Japan’s GDP has grown, but can domestic demand remain strong?

The Yomiuri ShimbunDomestic demand buoyed the nation’s moderate growth, but its economic outlook warrants no optimism. Necessary measures should be explored by assessing the state of the economy carefully.

According to preliminary data, the nation’s gross domestic product expanded 0.4 percent in real terms in the April-June period from the previous quarter, growing at an annualized rate of 1.8 percent. This is the third consecutive quarter of positive growth.

Private consumption, which accounts for more than 50 percent of GDP, rose 0.6 percent. Lodging and other travel-related sectors saw brisk results thanks to the extended 10-day holiday for the changeover to a new era. Sales of automobiles and air conditioners also increased.

Exports fell 0.1 percent due to such factors as China’s economic slowdown. This indicates that growth in domestic demand, which includes consumption, surpassed the decline in external demand.

However, it is hard to say that private consumption is firm. In July, sales of soft drinks and beer products were sluggish due to bad weather. Summer bargain sales at department stores were struggling, while leisure facilities, including swimming pools, also took a hit in attracting customers.

The Cabinet Office’s consumer confidence index, which tracks livelihood outlooks over the next six months, fell for 10 consecutive months through July. Toward the planned consumption tax rate hike in October, consumers are increasingly wary. A repeat of the 2014 case, in which consumption stalled due to a tax rate increase, must be avoided.

As a countermeasure, the government plans to launch a point reward program for cashless payments at small and midsize businesses. Tax cuts will be implemented for automobile and housing purchases to cushion impacts from the tax rate hike. All possible steps should be taken to make the public aware of these measures.

BOJ must be agile

It is also concerning that summer bonuses at major companies fell about 3 percent this year, according to a tally by the Japan Business Federation (Keidanren). Many companies hold substantial internal reserves. To support consumption, it is desirable that companies give back to their employees as much as possible.

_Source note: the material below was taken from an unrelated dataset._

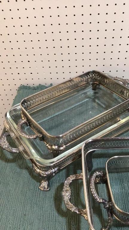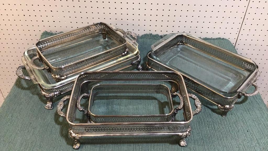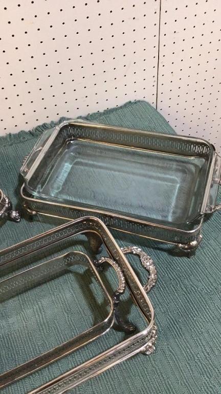 5 Silverplated Chafing Dish Bases, 2 Glass Inserts
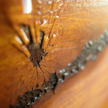When a drop of water hits an iron object, two things begin to happen almost immediately. First, the water, a good electrolyte, combines with carbon dioxide in the air to form a weak carbonic acid, an even better electrolyte. As the acid is formed and the iron dissolved, some of the water will begin to break down into its component pieces -- hydrogen and oxygen. The free oxygen and dissolved iron bond into iron oxide, in the process freeing electrons. The electrons liberated from the anode portion of the iron flow to the cathode, which may be a piece of a metal less electrically reactive than iron, or another point on the piece of iron itself.

Capital investment, another pillar of domestic demand, showed upbeat growth of 1.5 percent in the April-June quarter. However, this also has many concerning aspects. Such factors as the decline in exports to China have dealt a blow to the performance of companies in the electronics, chemical and other manufacturing sectors.

Trade friction between the United States and China is intensifying. Financial markets have fluctuated, with the yen strengthening further. Toyota Motor Corp. changed its foreign exchange rate assumption and lowered its annual earnings forecast for the year ending in March 2020.

China’s economic slowdown and the stronger yen will become a double whammy for corporate earnings.

U.S. President Donald Trump expressed strong dissatisfaction with the stronger dollar on Twitter. As he believes the stronger dollar is working against exports by U.S. manufacturing companies, Trump urged the U.S. Federal Reserve Board to slash interest rates further as soon as possible.

If the United States implements additional interest rate cuts, the difference in interest rates between Japan and the United States will narrow, making it easier for the yen to strengthen. It is crucial for the Bank of Japan to pay attention to developments in the foreign exchange market and try to exercise the agile management of policy measures.